**Task details:** What is needed is an exact copy of the records, with the images left out.

**Listed records:**
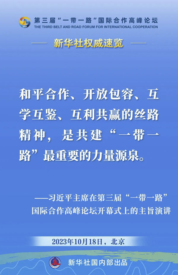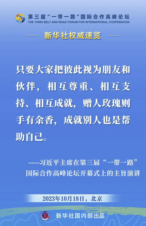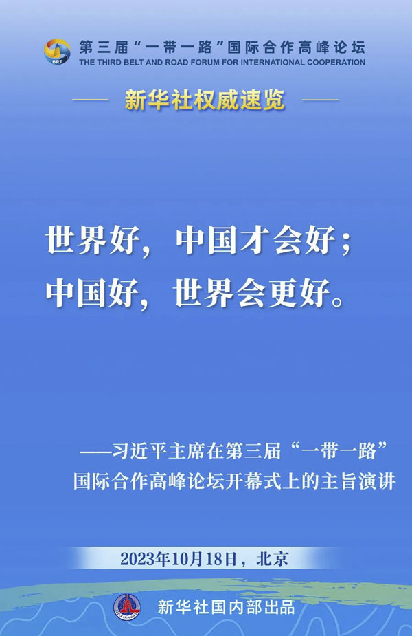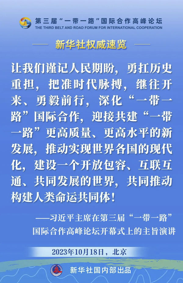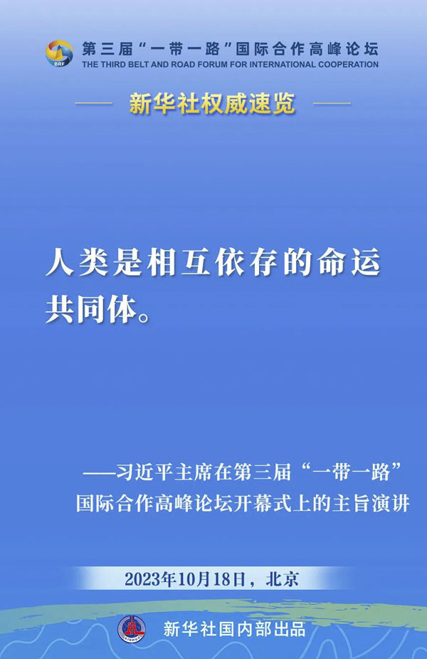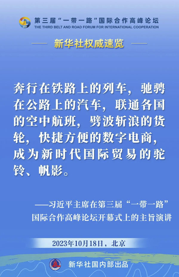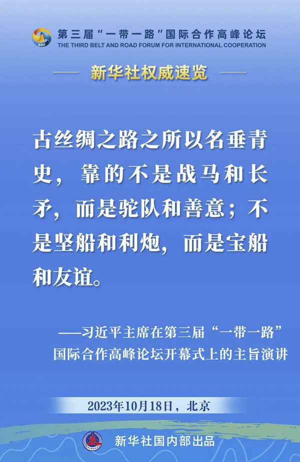 10月18日,國家主席習近平在第三屆“一帶一路”國際合作高峰論壇開幕式上發(fā)表主旨演講。一起來看金句。
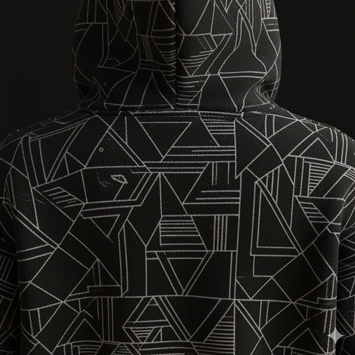 Prepare-se para o frio em grande estilo! Este moletom com capuz é feito em fleece de alta qualidade, super aquecido e macio ao toque. O corte moderno garante um visual descolado, e a estampa geométrica nas costas adiciona um toque de originalidade. Possui bolso frontal kangaroo e cordão para ajuste do capuz. Seu melhor companheiro para os dias mais frescos de Santa Maria.
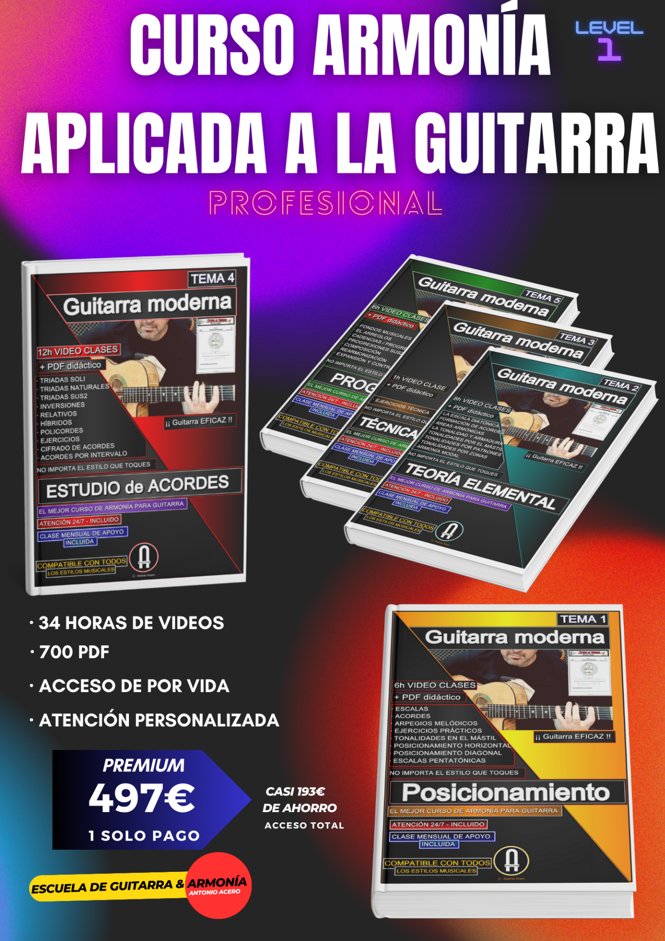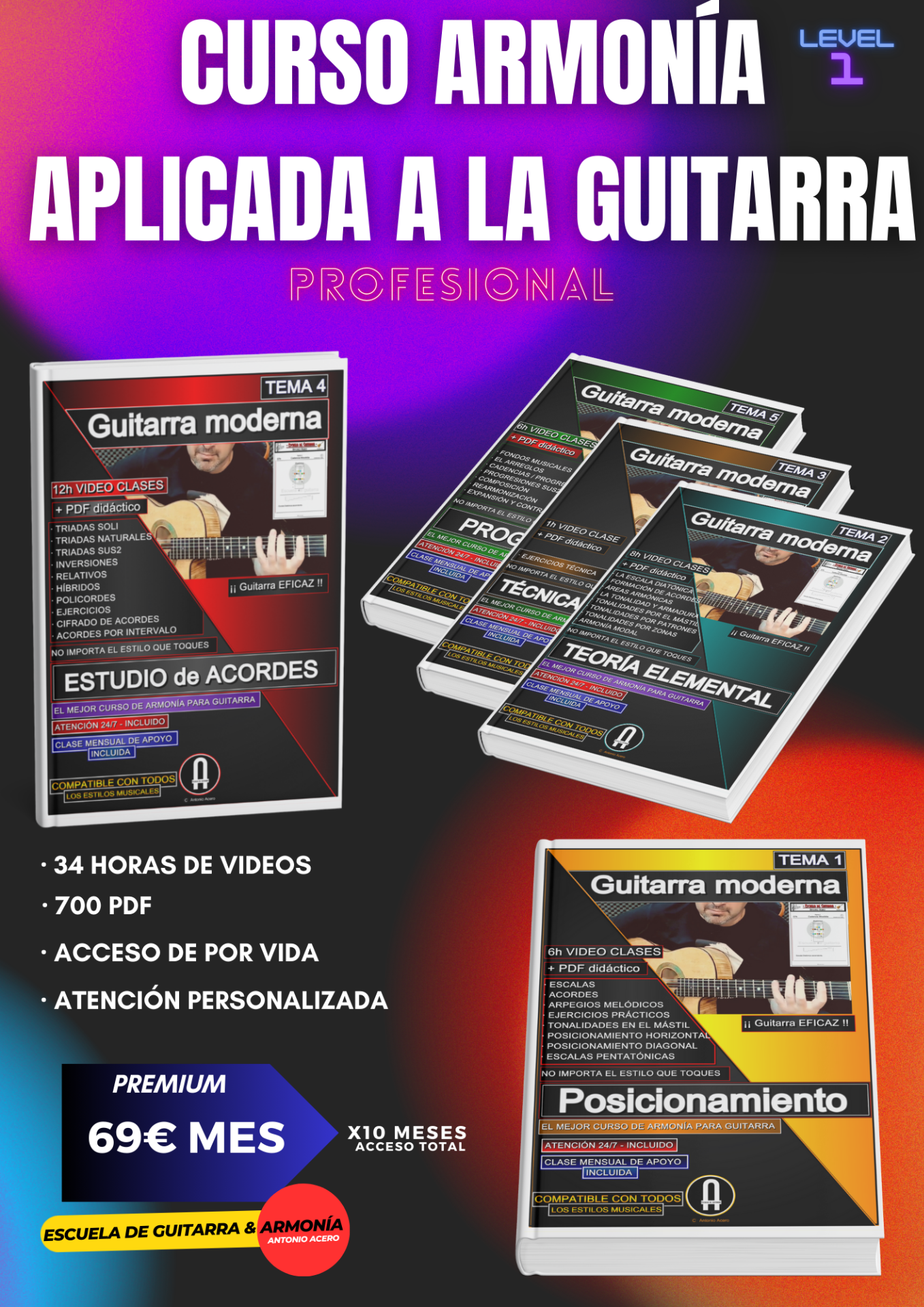 "Aprende con el método de Antonio Acero: 20 años de investigación y 12 libros publicados condensados en un sistema de Armonía Moderna que rompe con la enseñanza tradicional. De principiante a avanzado, paso a paso."
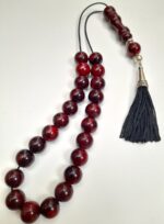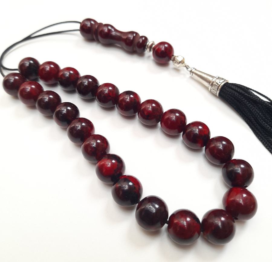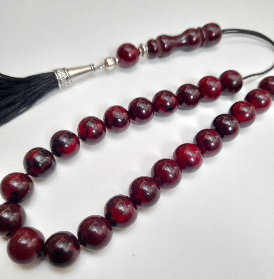 Ρητίνη με 33 χάντρες* Βάρος: 63g (με τη φούντα)Μήκος: 36cm (χωρίς τη φούντα)Πάχος χάντρας: 13mmΥψος χάντρας: 12mm *Με σκόνη κεχριμπαριού
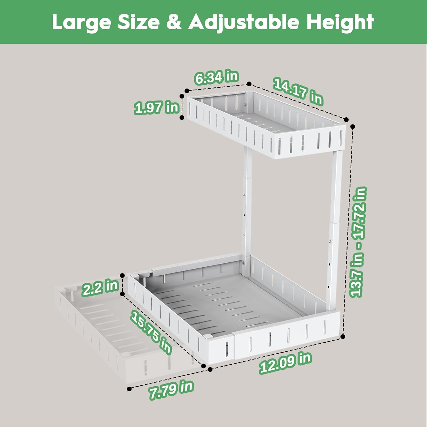 - Height Adjustable: Our kitchen organizers and storage comes with 2 adjustable metal tubes with 3 heights (13.7"/15.75"/17.72") to fit the height of your cabinets and items. Leave enough space for tall bottles
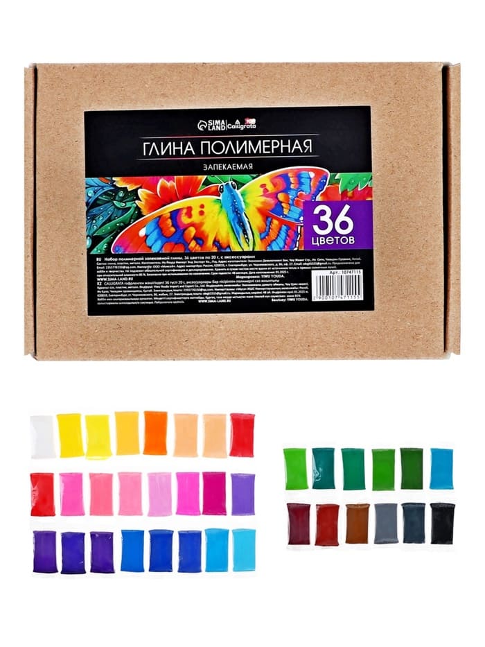 Набор глина полимерная запекаемая, 36 цветов по 20 г, с аксессуарами, в гофрокоробе 10747115
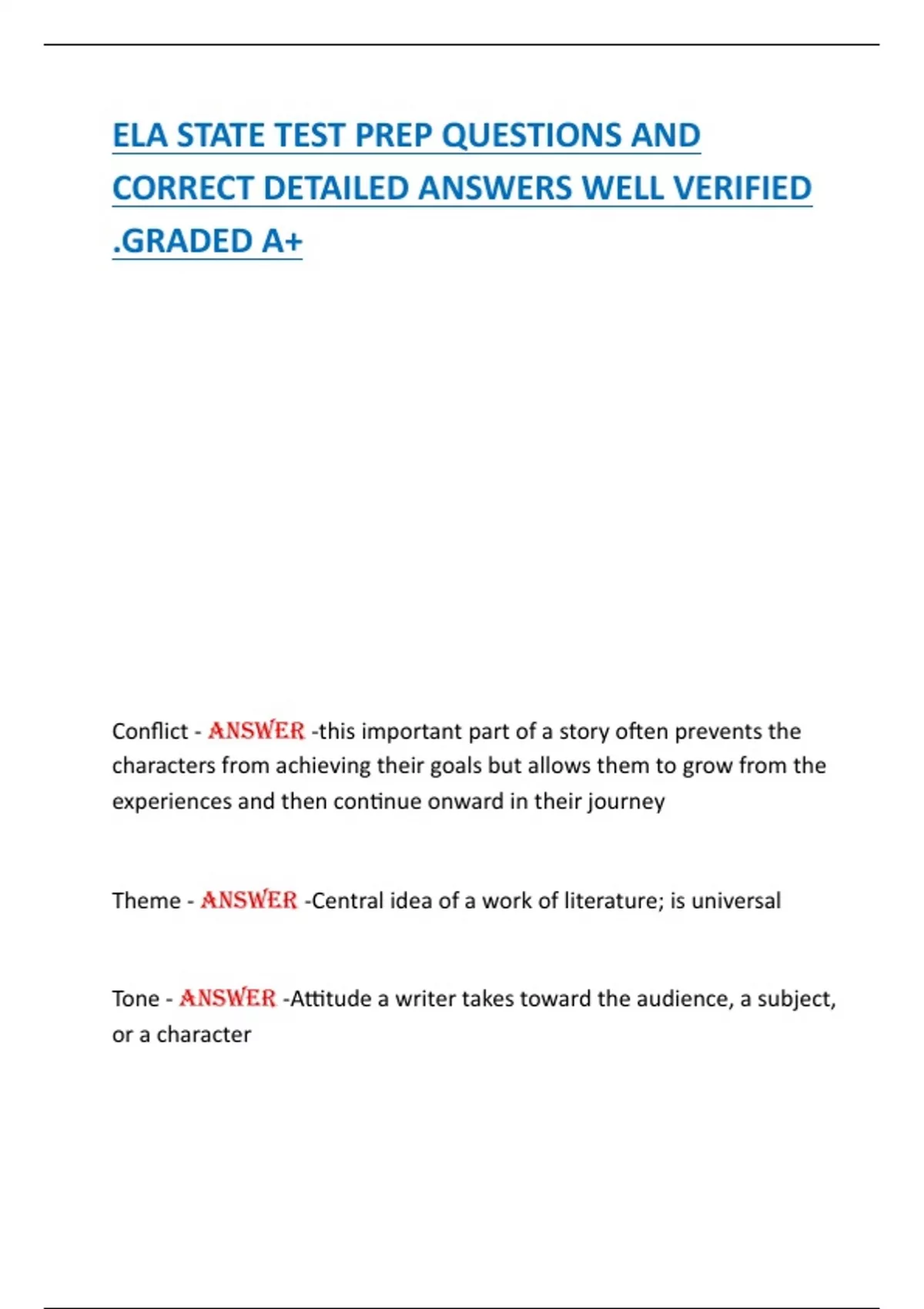 ELA STATE TEST PREP QUESTIONS AND CORRECT DETAILED ANSWERS WELL VERIFIED .GRADED A+

**Response to this task:**
 10月18日,國家主席習近平在第三屆“一帶一路”國際合作高峰論壇開幕式上發(fā)表主旨演講。一起來看金句。
 Prepare-se para o frio em grande estilo! Este moletom com capuz é feito em fleece de alta qualidade, super aquecido e macio ao toque. O corte moderno garante um visual descolado, e a estampa geométrica nas costas adiciona um toque de originalidade. Possui bolso frontal kangaroo e cordão para ajuste do capuz. Seu melhor companheiro para os dias mais frescos de Santa Maria.
 "Aprende con el método de Antonio Acero: 20 años de investigación y 12 libros publicados condensados en un sistema de Armonía Moderna que rompe con la enseñanza tradicional. De principiante a avanzado, paso a paso."
 Ρητίνη με 33 χάντρες* Βάρος: 63g (με τη φούντα)Μήκος: 36cm (χωρίς τη φούντα)Πάχος χάντρας: 13mmΥψος χάντρας: 12mm *Με σκόνη κεχριμπαριού
 - Height Adjustable: Our kitchen organizers and storage comes with 2 adjustable metal tubes with 3 heights (13.7"/15.75"/17.72") to fit the height of your cabinets and items. Leave enough space for tall bottles
 Набор глина полимерная запекаемая, 36 цветов по 20 г, с аксессуарами, в гофрокоробе 10747115
 ELA STATE TEST PREP QUESTIONS AND CORRECT DETAILED ANSWERS WELL VERIFIED .GRADED A+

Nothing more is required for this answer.